Im Gesundheitszentrum in der Trebbiner Industriestraße befinden sich fünf ärztliche und eine podologische Praxis. Die medizinische Einrichtung wird von vielen älteren Patienten und von Einwohnern aus den Trebbiner Ortsteilen genutzt.

Zum Fahrplanwechsel im Dezember 2014 wurden die VTF-Buslinien 751 und 760 bis zum Gesundheitszentrum verlängert. Diese Leistung geht über die Grundanforderungen des vom Landkreis zugesicherten Mindestbedienungsstandards hinaus.
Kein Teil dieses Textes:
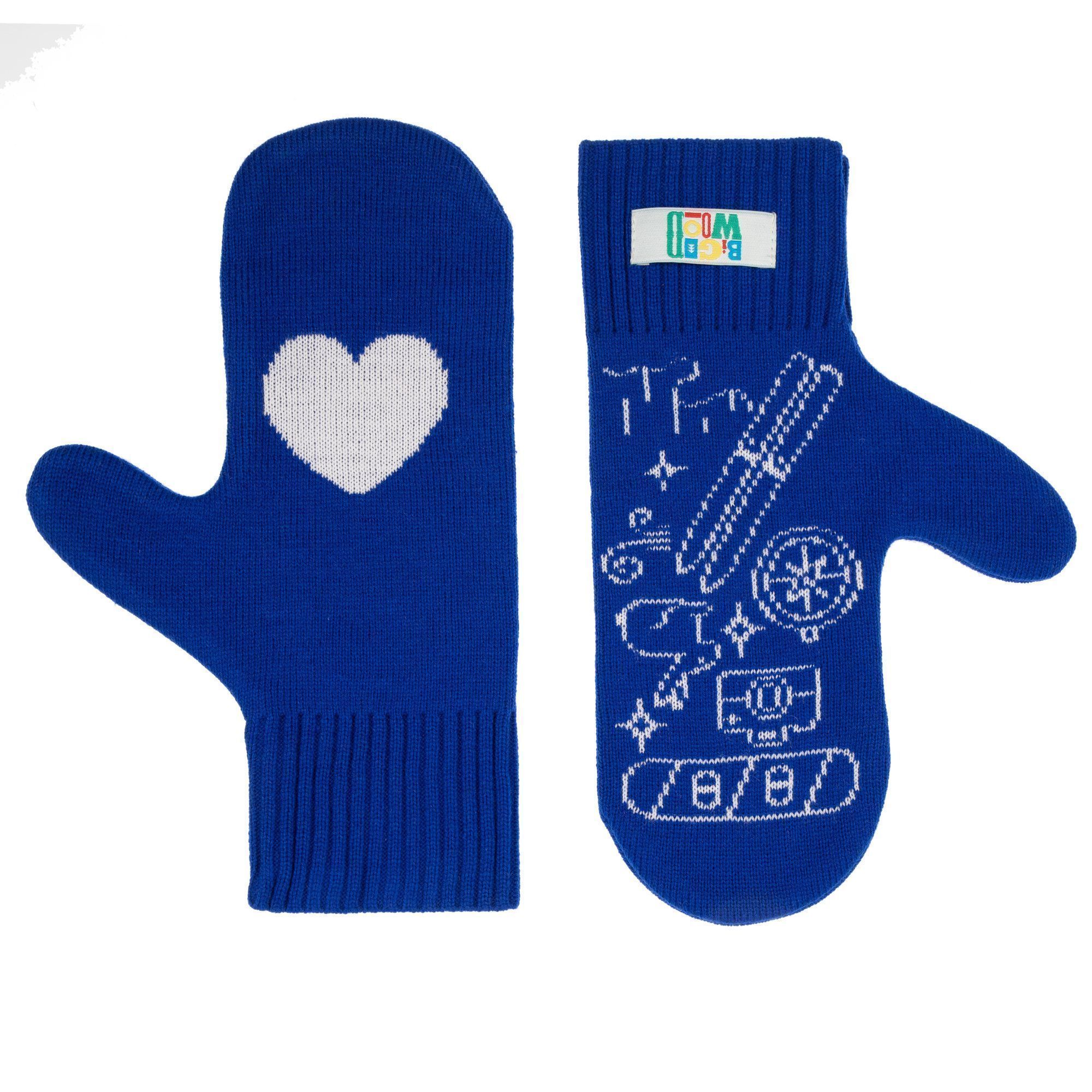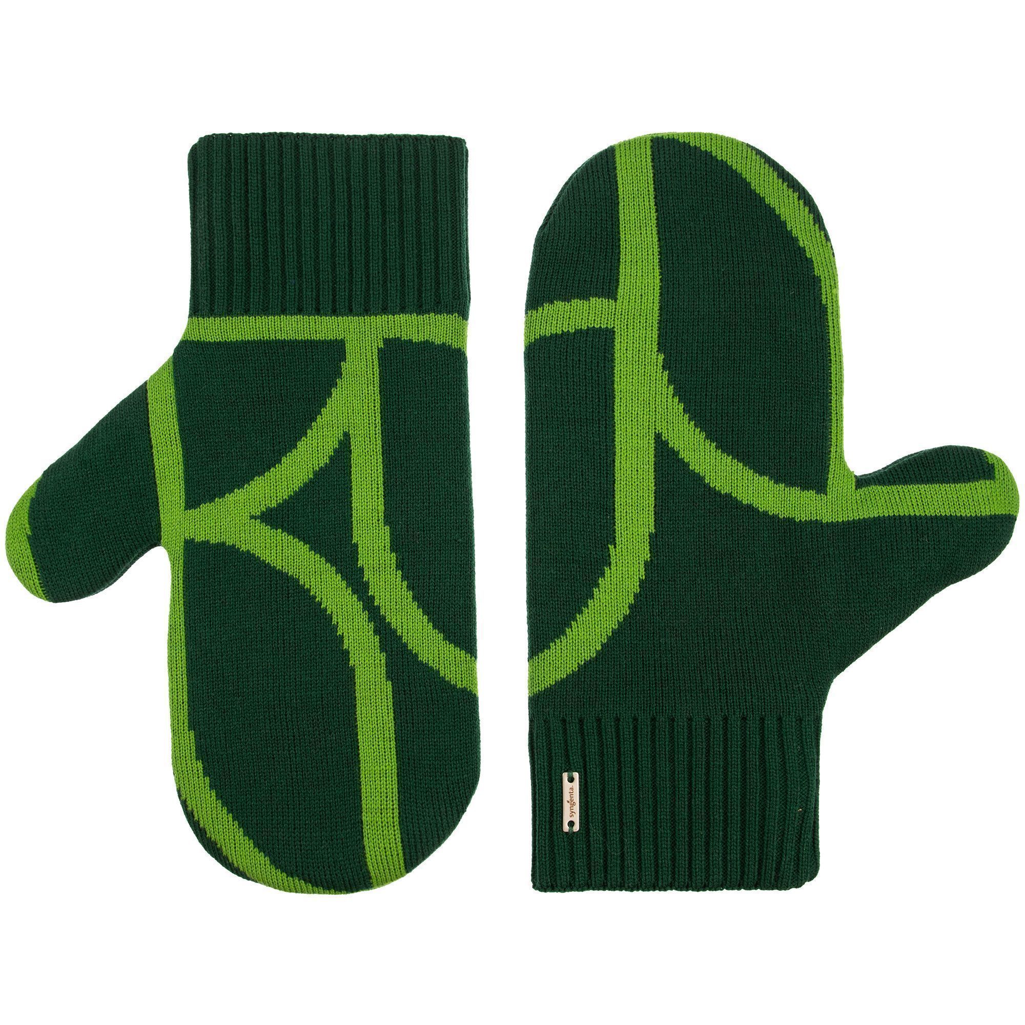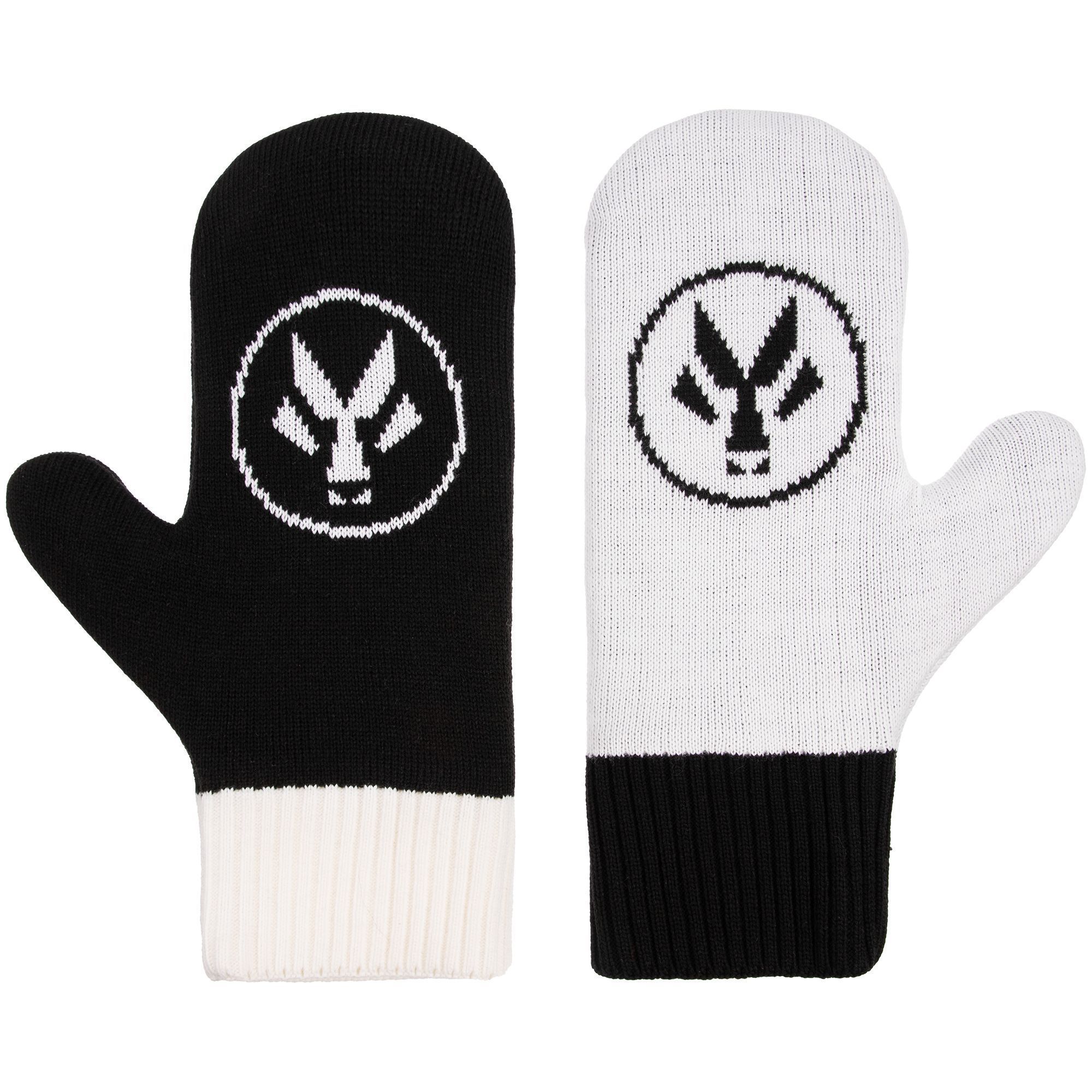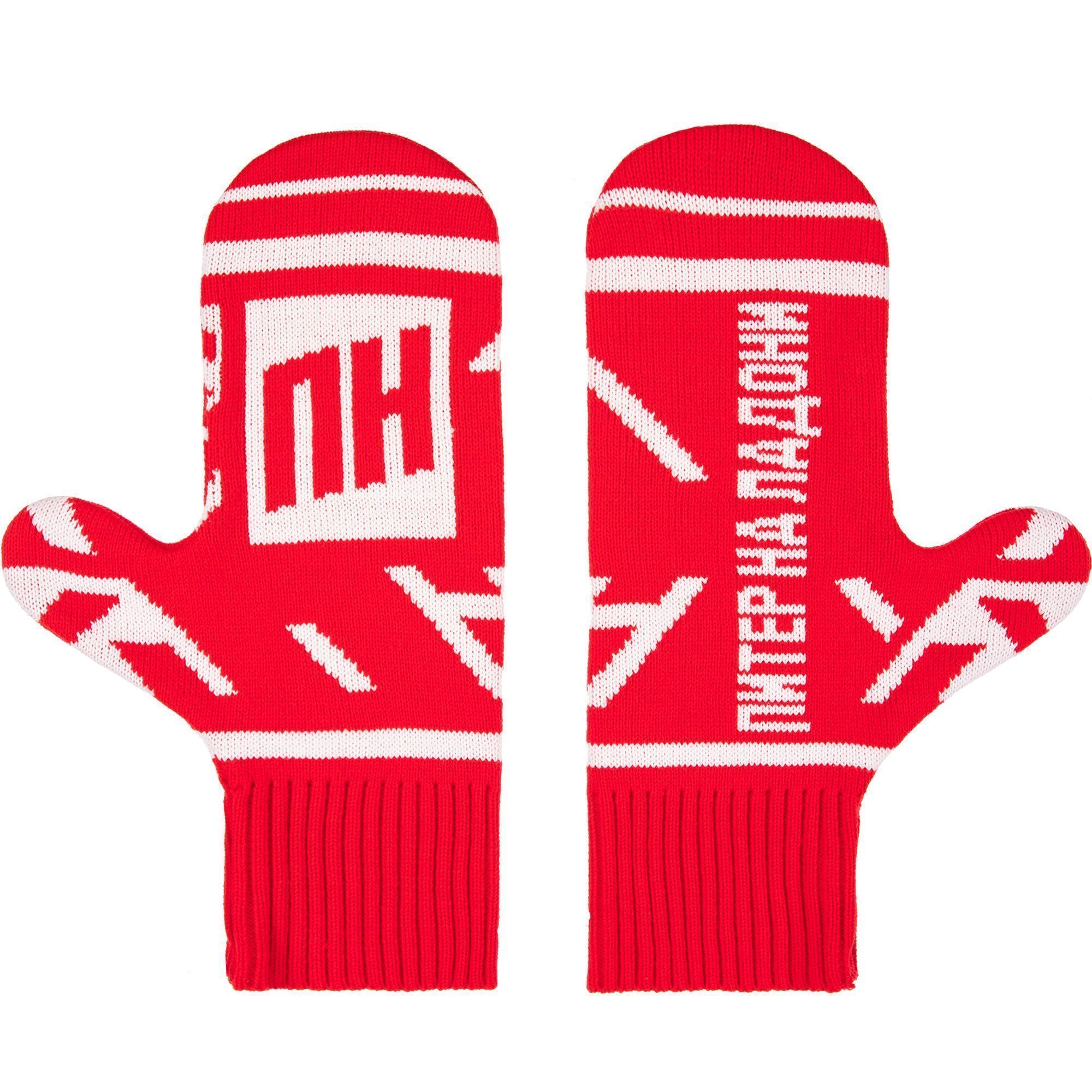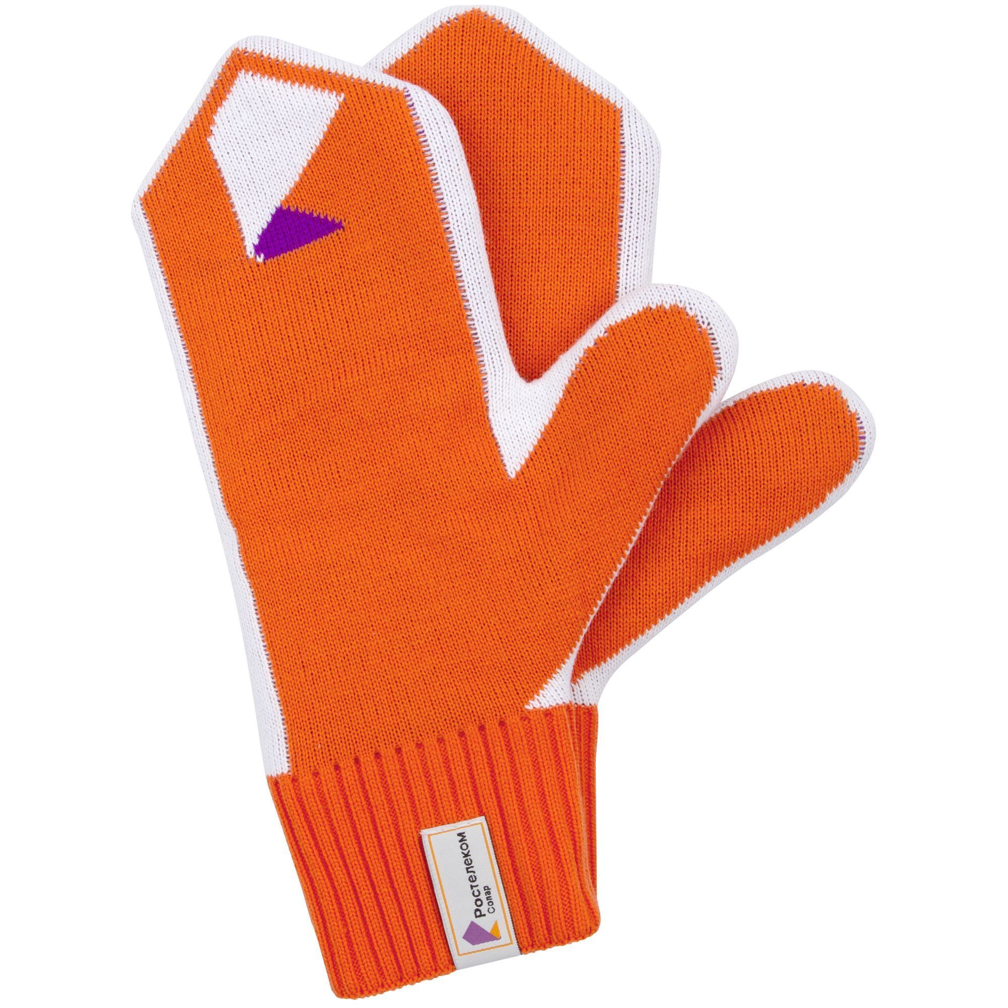 Варежки с вывязанным логотипом и индивидуальным рисунком в фирменной цветовой гамме.

Im Hauptausschuss war man nicht grundsätzlich dagegen, aber Anne-Kathrin Düsel (Neue Liste) forderte zunächst konkrete Zahlen. „Uns war versprochen worden, auszuwerten, wie viele Fahrgäste den Bus genutzt haben“, sagte sie. Es handele sich um Geld der Stadt und um eine außergewöhnliche Handhabe. „Positiv angenommen, das klingt mir einfach zu schwammig“, sagte sie und verwies darauf, dass sie auch schon genau das Gegenteil, nämlich leere Busse, erlebt habe.

Skepsis auch bei anderen Stadtverordneten

Matthias Klavehn (UFW) und Hendrik Bartl (GpgS) stimmten ihr zu. „Das Angebot ist gut für ältere Menschen“, sagte Bartl, „aber wir brauchen belastbare Zahlen.“ Oliver Kadecki (UFW) monierte, dass mit dem MVZ ein privat geführtes Unternehmen unterstützt werde. „Da kann jede andere Praxisgemeinschaft das gleiche Recht für sich einfordern“, sagte er.

Peter Mann (SPD) bekannte sich klar zum Beschlussvorschlag. „Diese Haltestelle bedient nicht nur das MVZ, sondern schließt eine Lücke im öffentlichen Nahverkehr“, sagte er. Berger sagte zu, bis zur Stadtverordnetensitzung die Zahlen nachzureichen.